The log file consists of individual messages that are either being sent to the target or being received from the target. It is a requirement that the target responds within a certain timeframe in order to pass our tests. In other words, if an instrumentation attempt isn’t immediately followed by a response, a Denial of Service (DoS) failure is present. The way the DoS time is calculated is by taking the difference between the time that the original request was sent and when the target responded. Some examples from the log are shown below for verification.
Test case #5 – DoS time is 0:00:20.414
Test case #415 – DoS time is 0:00:20.405
Test case #1395 – DoS time is 0:00:06:070
The final product should be able to calculate the DoS time for every failed test case in the log, while handling any inconsistencies in the log itself. We will consider any DoS time that is within 100ms of the verified time an accurate result (refer to the example above for good verification times). Also, please think about how your program will output the results of the parsed log file and whether or not this is a persistent solution (i.e. outputting results to the console session within the program would not be a good way to record these results for later). The output portion of the assignment is purposely left open-ended.
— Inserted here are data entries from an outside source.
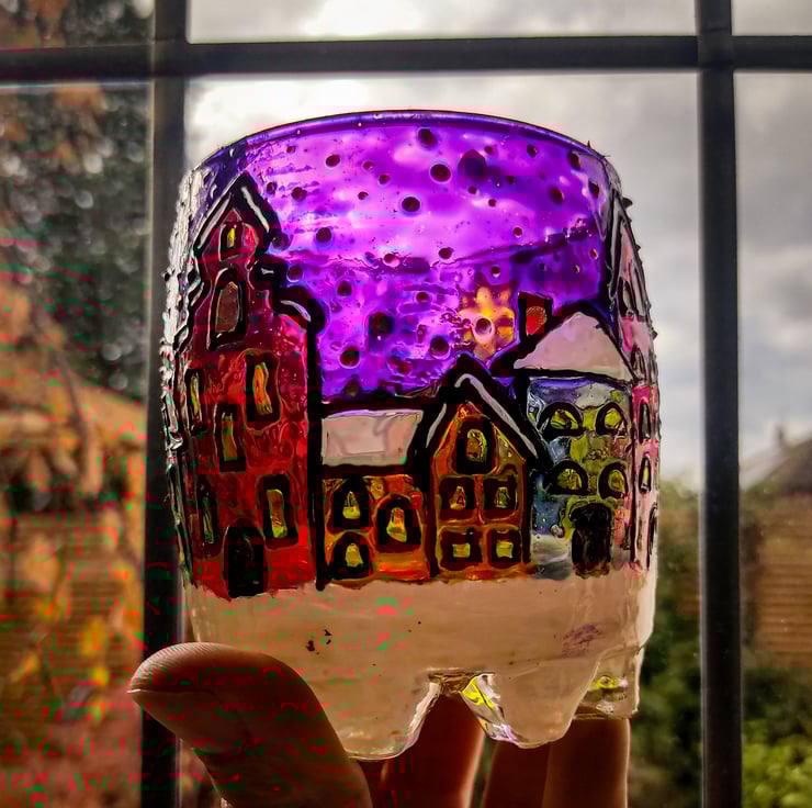 The candle holder is painted on barrel whisky glass with the transparent white, snow covered ground on the bottom followed by a row of colourful, cartoony town houses followed by violet coloured sky/background spotted with gold dotty stars with one central gold-lined eight armed star. The lantern is covered by layer of transparent varnish for protection.
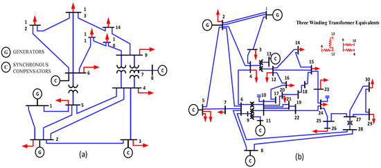 The proposed advanced energy management based on IEEE benchmark tested systems (a) IEEE 14-bus network and (b) IEEE 30-bus network.
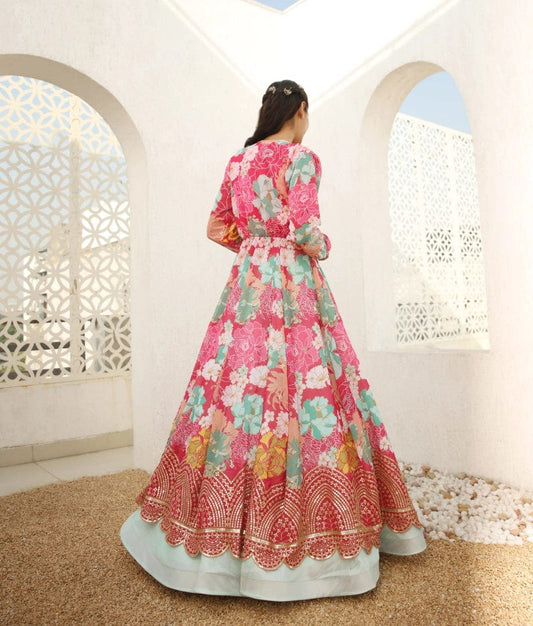 3D Flowers Choli and Pink Organza Layers Leheng...
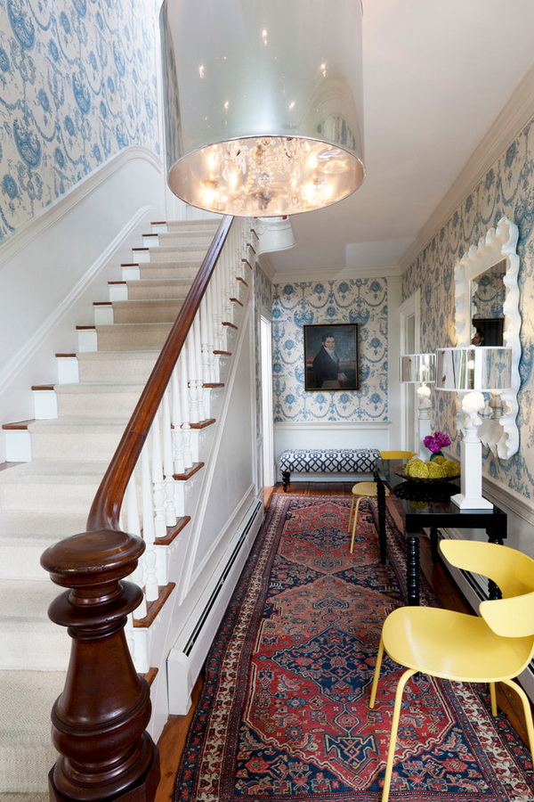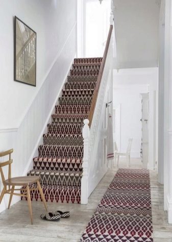 Dans ce cas, le tapis accentue le couloir. Et il est très compétent que l'accent soit mis ici sur un tapis, pas sur des murs ni sur des meubles chargés de murs.L'impression décharge visuellement l'espace, lui donne de la légèreté et malgré la teinte peu assourdie, l'intérieur devient immédiatement vivant.
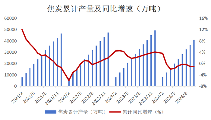 统计局数据显示,2024年1-10月我国焦炭产量累计约为40570.8万吨,同比-1.1%;
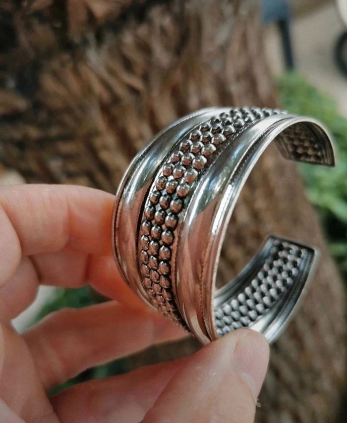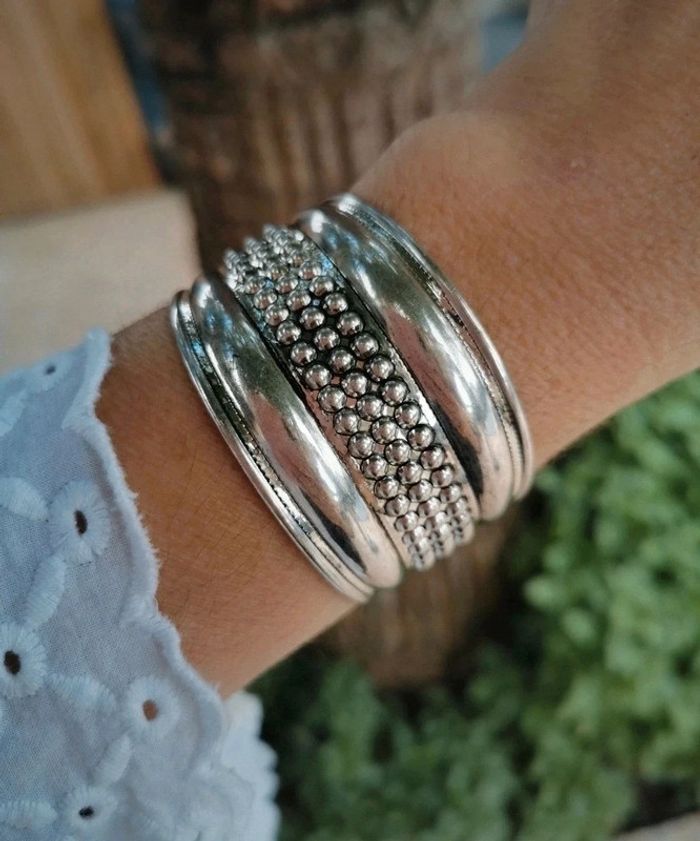 A47 bracelet jonc manchette bohème chromé argenté tendance réglable - photo numéro 4
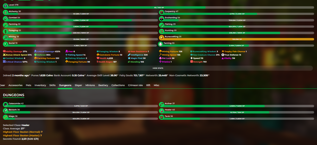 ❗️MVP+❗️25,5b (12b unsoul) Networth❗️278 LvL Skyblock❗️42 Cata❗️Hypixel skyblock❗️
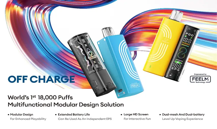 Another example is the world’s first 18,000 puffs multifunctional modular design solution “Off Charge”. It strives for ultimate playability, bringing new ideas with a modular design and adding a smart screen display. Press a button to experience different flavors. After disassembling the module, you can smoke the pod while charging your phone with the EPS, it is fun and practical.

· Must be written in a modern programming language of your choice (Python, Java, C# are some examples).
· Thorough testing of your code is highly recommended. We are looking for a very robust solution that has been tested thoroughly. Scripting acceptance tests to automate this verification process is encouraged, and unit testing of code is also welcome.
· Make sure your coded solution is clean and modular. Ask yourself: will someone else be able to read and understand the code that I write? Could my program be used over and over again, or be reused for another similar purpose?
· The final product should be defect-free, and you should be able to prove that with recorded results from your testing.
· DO NOT RUSH. In our opinion, a well thought-out and constructed program that has been thoroughly tested, but is not fully complete is better than a complete program that is overly complex or full of errors.